T
Terry Reedy
Right. *Under the hood* Python uses UCS-2 (which is not exactly the
same thing as UTF-16, by the way) to represent Unicode strings.
I know some people say that, but according to the definitions of the
unicode consortium, that is wrong! The earlier UCS-2 *cannot* represent
chars in the Supplementary Planes. The later (1996) UTF-16, which Python
uses, can. The standard considers 'UCS-2' obsolete long ago. See
https://secure.wikimedia.org/wikipedia/en/wiki/UTF-16/UCS-2
or http://www.unicode.org/faq/basic_q.html#14
The latter says: "Q: What is the difference between UCS-2 and UTF-16?
A: UCS-2 is obsolete terminology which refers to a Unicode
implementation up to Unicode 1.1, before surrogate code points and
UTF-16 were added to Version 2.0 of the standard. This term should now
be avoided."
It goes on: "Sometimes in the past an implementation has been labeled
"UCS-2" to indicate that it does not support supplementary characters
and doesn't interpret pairs of surrogate code points as characters. Such
an implementation would not handle processing of character properties,
code point boundaries, collation, etc. for supplementary characters."
I know that 16-bit Python *does* use surrogate pairs for supplementary
chars and at least some properties work for them. I am not sure exactly
what the rest means.
However, this is entirely transparent. To the Python programmer, a
unicode string is just an abstraction of a sequence of code-points.
You don't need to think about UCS-2 at all.

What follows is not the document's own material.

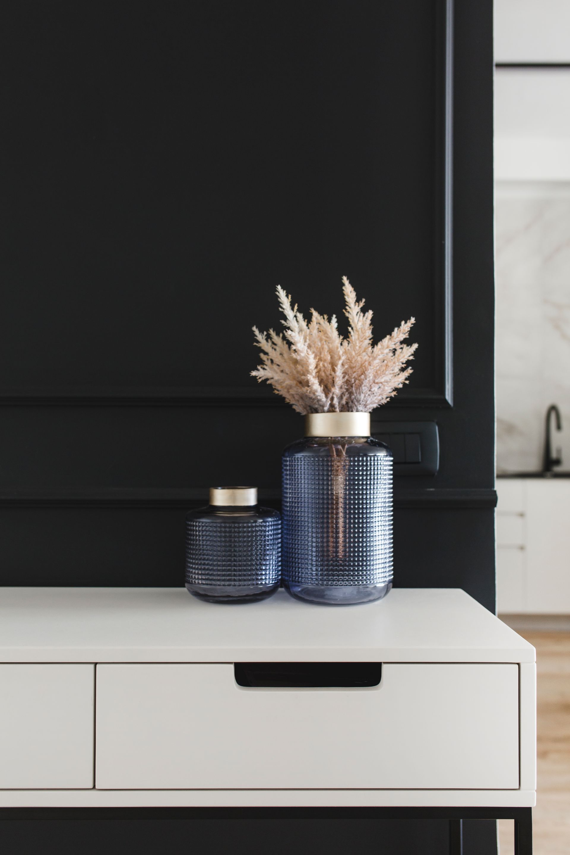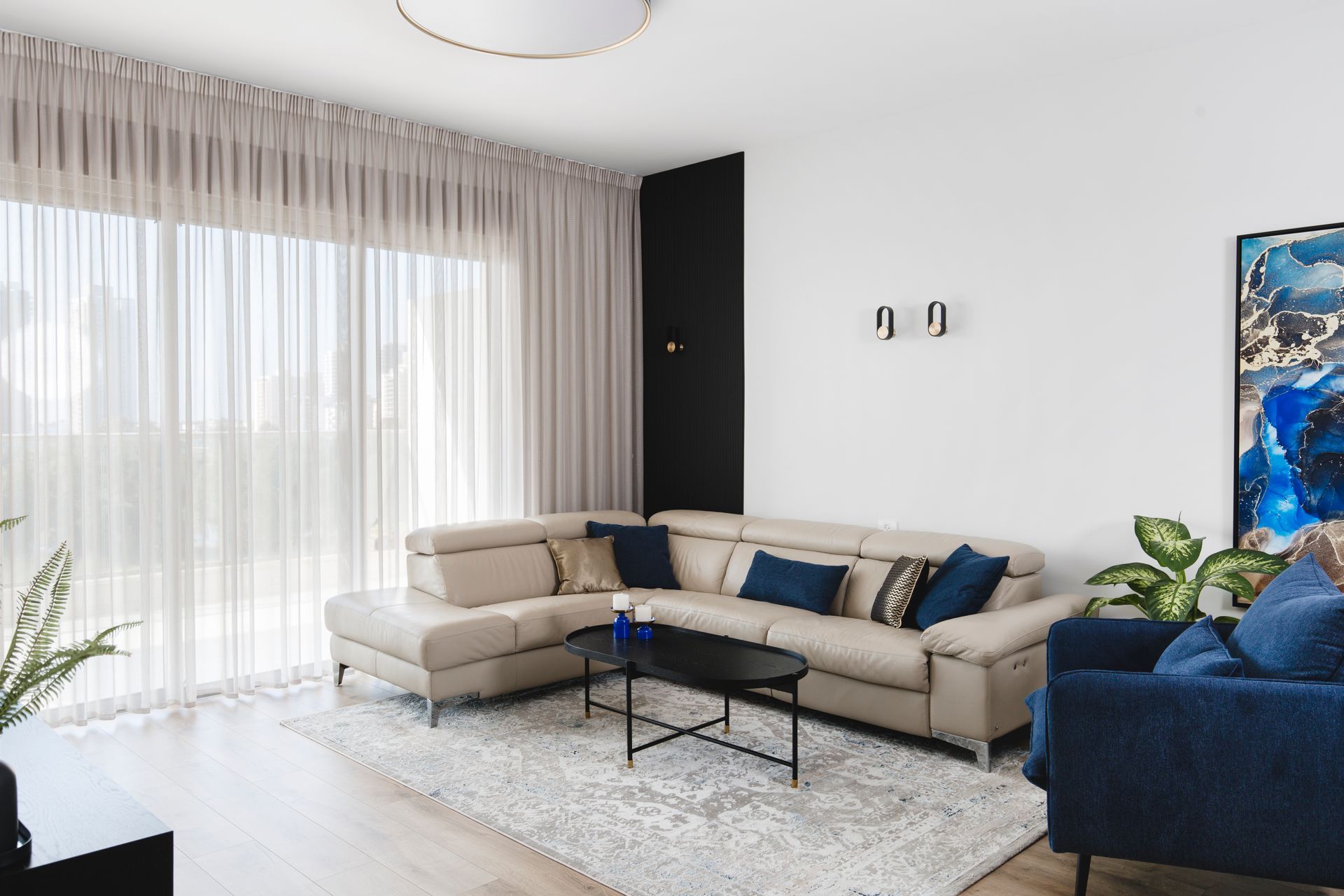 הגוונים השולטים בדירה הם קרם, מוקה, אפור בהיר, חום שוקולד ונגיעות של שחור. כדי לחבר את פנים הדירה אף יותר עם הנוף הכחול של השמיים בחוץ, בחרנו לשלב צבעים כחולים בטקסטיל, באומנות ובאקססוריז.

The only times you need
to worry about encodings are when you're encoding unicode characters
to byte strings, or decoding bytes to unicode characters, or opening a
stream in text mode; and in those cases the only encoding that matters
is the external one.
If one uses unicode chars in the Supplementary Planes above the BMP (the
first 2**16), which require surrogate pairs for 16 bit unicode (UTF-16),
then the abstraction leaks.